◆ WHAT YOU SHOULD DO:
Skipping all pictures, set down the lines of the listing from the first through the one with "大き目なモチーフは肌が透ける".

◆ MATERIAL PROVIDED:
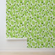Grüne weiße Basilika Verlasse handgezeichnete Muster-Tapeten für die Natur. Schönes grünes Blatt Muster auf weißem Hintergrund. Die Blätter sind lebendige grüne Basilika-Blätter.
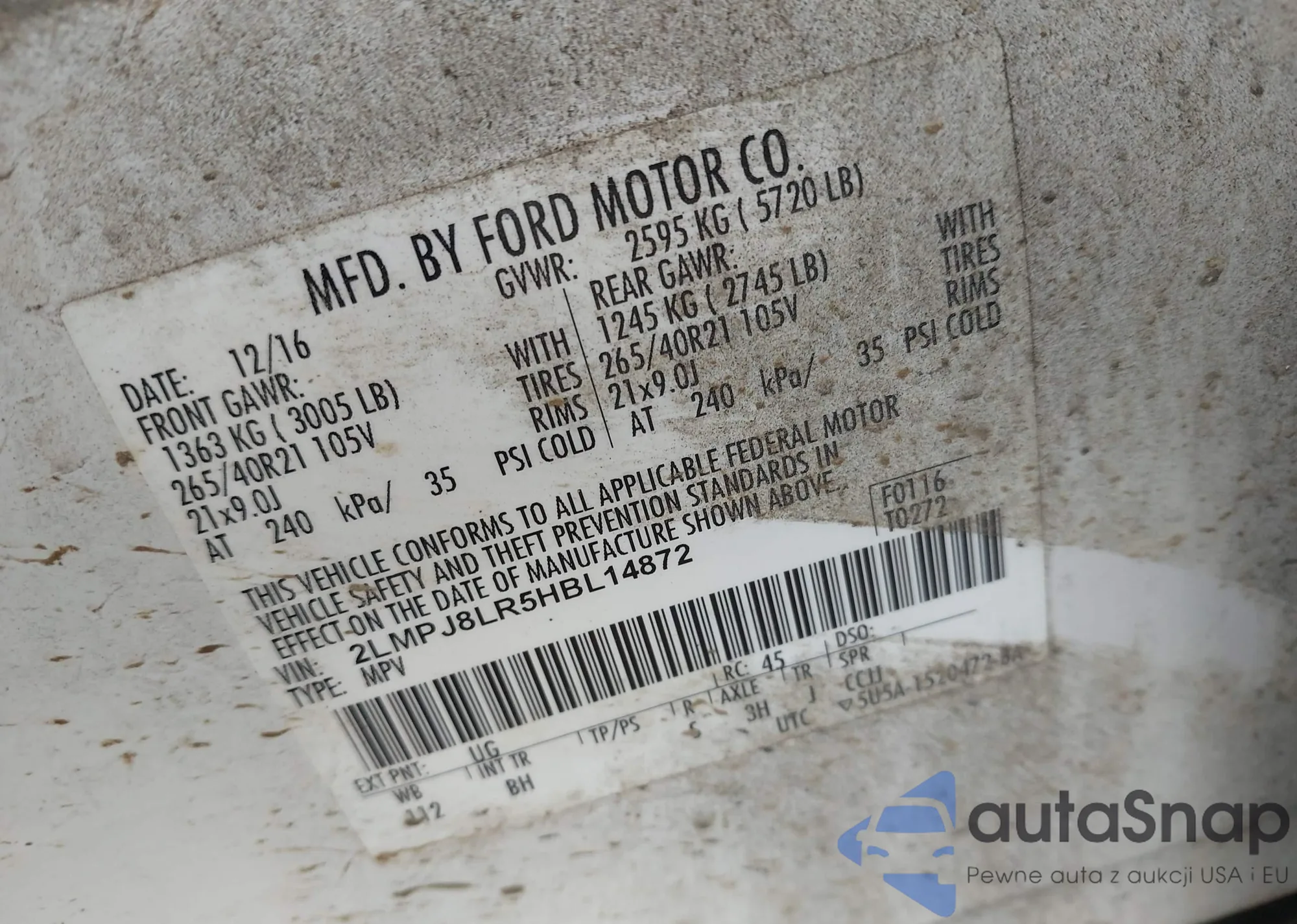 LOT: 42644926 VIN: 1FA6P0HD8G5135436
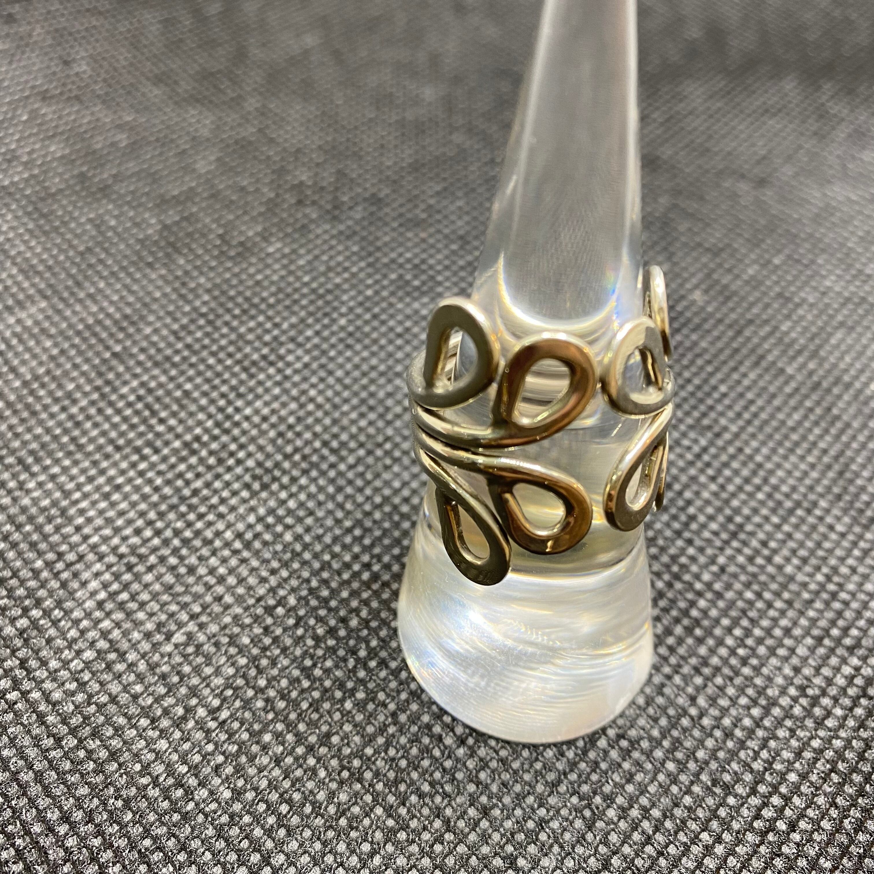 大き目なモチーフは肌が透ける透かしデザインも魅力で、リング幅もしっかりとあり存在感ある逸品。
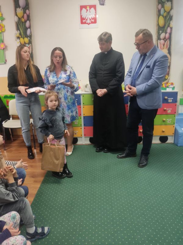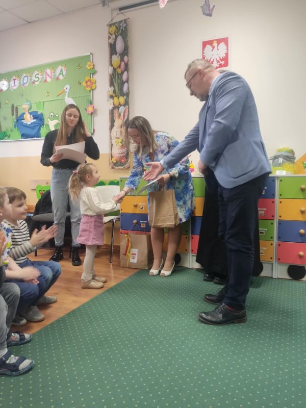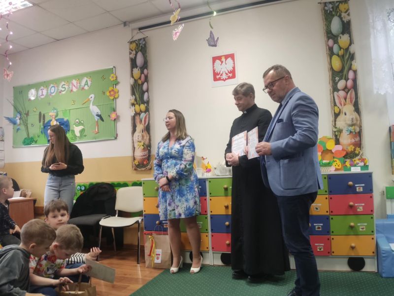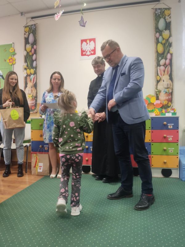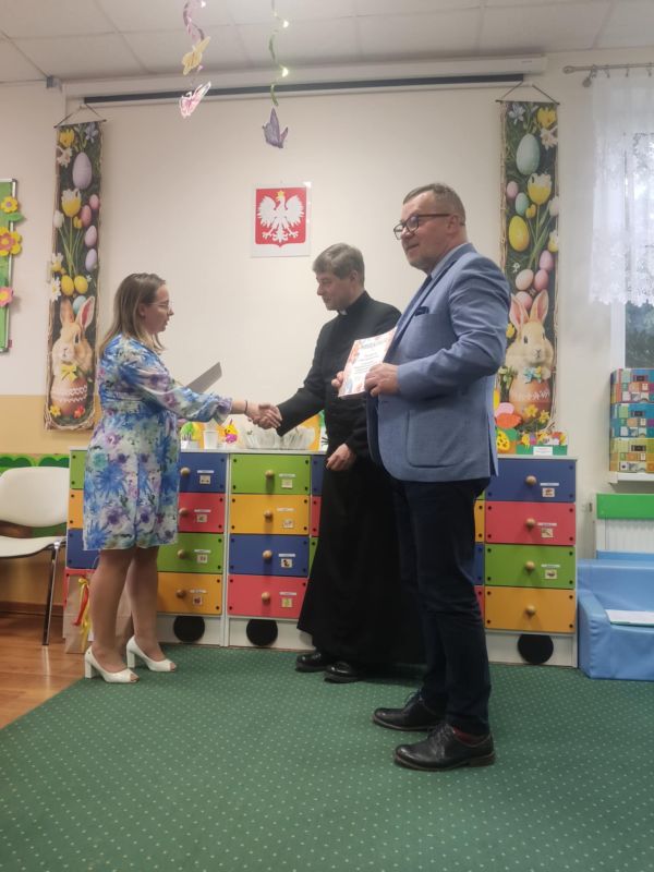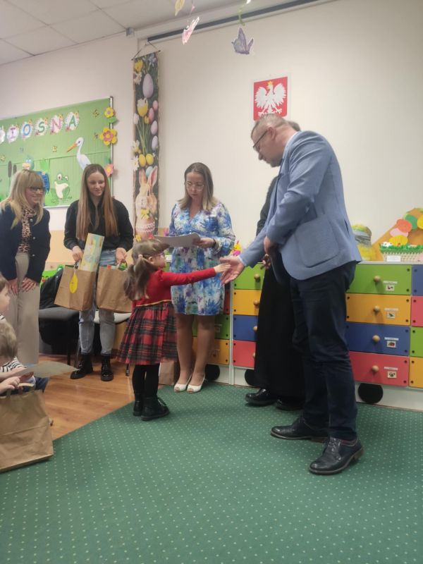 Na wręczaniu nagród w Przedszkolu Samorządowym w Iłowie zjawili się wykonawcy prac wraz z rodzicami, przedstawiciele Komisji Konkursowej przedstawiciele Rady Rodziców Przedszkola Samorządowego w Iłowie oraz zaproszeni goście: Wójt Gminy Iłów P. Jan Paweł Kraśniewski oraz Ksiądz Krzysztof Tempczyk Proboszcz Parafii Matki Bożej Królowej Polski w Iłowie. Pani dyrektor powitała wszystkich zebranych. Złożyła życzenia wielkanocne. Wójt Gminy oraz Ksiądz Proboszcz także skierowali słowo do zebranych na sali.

◆ SOLUTION TO THE PROBLEM:
Grüne weiße Basilika Verlasse handgezeichnete Muster-Tapeten für die Natur. Schönes grünes Blatt Muster auf weißem Hintergrund. Die Blätter sind lebendige grüne Basilika-Blätter.
 LOT: 42644926 VIN: 1FA6P0HD8G5135436
 大き目なモチーフは肌が透ける透かしデザインも魅力で、リング幅もしっかりとあり存在感ある逸品。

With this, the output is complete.